Friday, 27 December 2019

Opioid treatment during pregnancy
Risk for preterm birth and small for gestational age mainly linked to confounding factors

Many pregnant women experience pain during pregnancy, which can be treated with opioids. However, the consequences of using opioid medications to treat pain during pregnancy are unclear. A team of researchers writing in PLOS Medicine evaluated whether opioids used to treat pain during pregnancy increase the risk of two adverse birth outcomes, specifically preterm birth and foetal growth restriction. The results showed that the absolute risks of the outcomes were low following opioid analgesic treatment during pregnancy and suggested that observed associations between opioid analgesic treatment during pregnancy and the adverse birth outcomes were largely due to background factors rather than exposure to the medication itself. The authors stress the findings have important clinical implications as they could help doctors and patients better weigh the risks and benefits of opioid treatment during pregnancy.

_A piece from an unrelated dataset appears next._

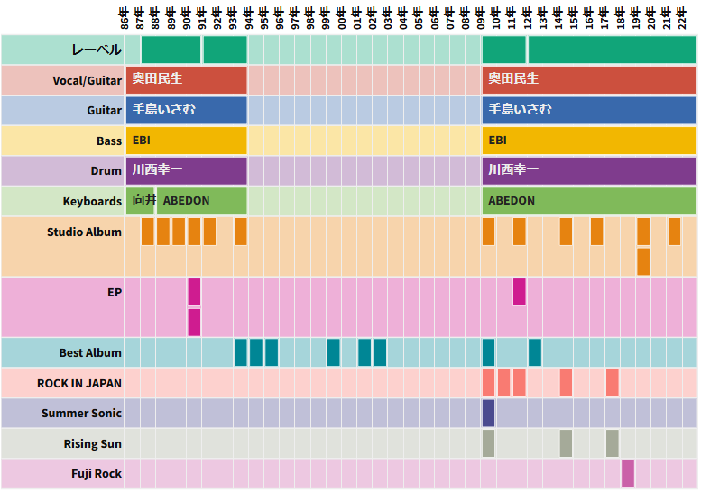 バンドの来歴についてバンド・UNICORNについて、バンドの略歴・ライブツアーのセットリストをグラフ等で可視化し人気曲・アルバムを紹介。画面の小さいスマホの場合、横向き又はピンチイン/ピンチアウトすると見やすいかと思います。タイムライン年単...

Primary care-based opioid and pain review service
Health and wellbeing outcomes suggest a potential benefit

Opioid prescribing to treat chronic non-cancer pain has rapidly increased, despite a lack of evidence for long-term safety and effectiveness. A pain review service was developed to work with patients taking opioids long-term to explore opioid use, encourage non-drug-based alternatives, and, where appropriate, support dose reduction. Researchers, writing in BJGP, invited 59 patients, out of which 34 enrolled in the service. A mixed-methods evaluation of the one-to-one service in two GP practices in England found that the median prescribed opioid dose reduced from 90 mg at baseline to 72 mg at follow-up; three service users stopped using opioids altogether. On average, service users showed improvement on most health, wellbeing, and QoL outcomes. Perceived benefits were related to wellbeing, for example, improved confidence and self-esteem, use of pain management strategies, changes in medication use, and reductions in dose. Following further service development, the authors conclude a randomised controlled trial to test this type of care pathway is warranted.

Prophylactic aspirin use
May reduce risk of mortality among older individuals

Aspirin use has been associated with reduced risk of cancer mortality, particularly of the colorectum. However, researchers writing in JAMA point out that aspirin efficacy may be influenced by biological characteristics, such as obesity and age. They therefore set out to investigate the association of aspirin use with risk of all-cause, any cancer, gastrointestinal (GI) cancer, and colorectal cancer (CRC) mortality among older adults and to perform an exploratory analysis of the association of aspirin use with mortality stratified by BMI. In this cohort study, which included a total of 146,152 individuals (mean age at baseline, 66.3 years; 74,742 women; 129,446 non-Hispanic white), aspirin use three or more times per week was associated with a reduction in all-cause, cancer, GI cancer and CRC mortality in older adults. This suggests prophylactic aspirin use may reduce risk of mortality among older individuals.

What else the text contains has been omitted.